An employee’s wages are more than simple economics. Amy B. Lyman, a 19th-century religious leader stated, “Paying people a fair wage is a sign of respect and acknowledgment of the value of people’s contribution to the business. When people are treated fairly and with respect, they will provide unparalleled levels of support and commitment inside the business and to clients and customers.” There may be signs that it is time to re-examine your pay structure to improve the outcomes of your compensation practices.
What Are Pay Structures
Pay structures are defined as the hierarchal grouping of jobs and salary ranges in each organization. That includes job grades or pay grades that are reflective of the value of each job in the market and each job’s value in the organization. By establishing a smart salary structure, a company can pay competitively in the market and fairly within the organization. A salary structure helps management control salary costs and simplify the payroll process.

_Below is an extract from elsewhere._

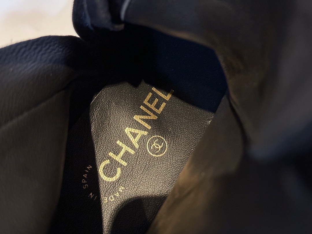 샤넬 레더 라이더 부츠 산양가죽 패치 에나멜 디자인으로 절제되면서도 질감을 잃지 않고 심플한 블랙 컬러도 입체감 있게 연출 아이코닉 마름모 차선과 철물 조합 맞춤 오리지널 소재 라이트 왁스 끈 깔끔하고 심플하면서도 지성적인
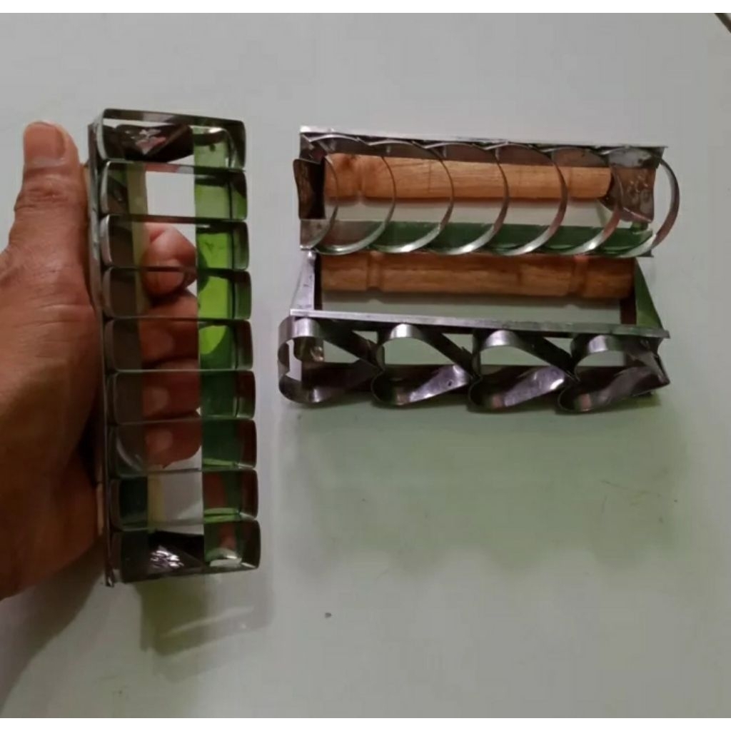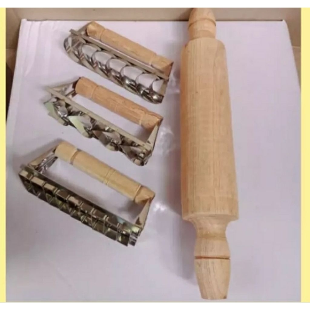 1 Set Rolpin & 3 Pcs Cetakan Nastar Bentuk Love Sabit Kotak Panjang / Rolingpin Kayu Dan Cetakan Kuker Kue Kering Kastangel Berbagai Motif

9 Signs It’s Time to Re-examine Your Pay Structure
Consider these signs that it’s time to re-examine your pay structure:
- The company is experiencing increasingly poor performance and absenteeism. This may be company-wide or may be seen in certain pay groupings. When employees are unhappy in their jobs or with their compensation, they will tend to work less hard, may be sloppy in their work habits, and may have higher rates of absenteeism.
- The company is getting a significant amount of negative feedback from employees regarding their salaries and benefits.
- It becomes evident that retention rates for entry to mid-level employees are declining. This indicates that the enterprise is not paying employees what they feel they are worth, so employees shop around and then go where “the grass is greener.”
- You have difficulty hiring to fill your positions.
- You have outdated, ineffective, or complicated employee performance review processes that make it difficult to make wise compensation decisions.
- The compensation system does not define a clear relationship between employee performance and acceptable pay scales. This reduces the incentive value of a good pay structure.
- There is inequity in the salaries for similar jobs in other parts of an organization, or in other geographies.
- You are not aware of appropriate market wages for the positions you have in your organization.
- A new competitor in the market may generate the need to re-examine your pay structure to avoid losing employees if the competitor “raises the compensation and benefits bar.”
The Benefits of a Good Pay Structure
When you re-examine your pay structure and create a more positive structure, you can experience the benefits of greater employee engagement and motivation, a more open and trusted environment about pay and benefits, a better way to treat all employees more fairly, and a better way to manage payroll budgets.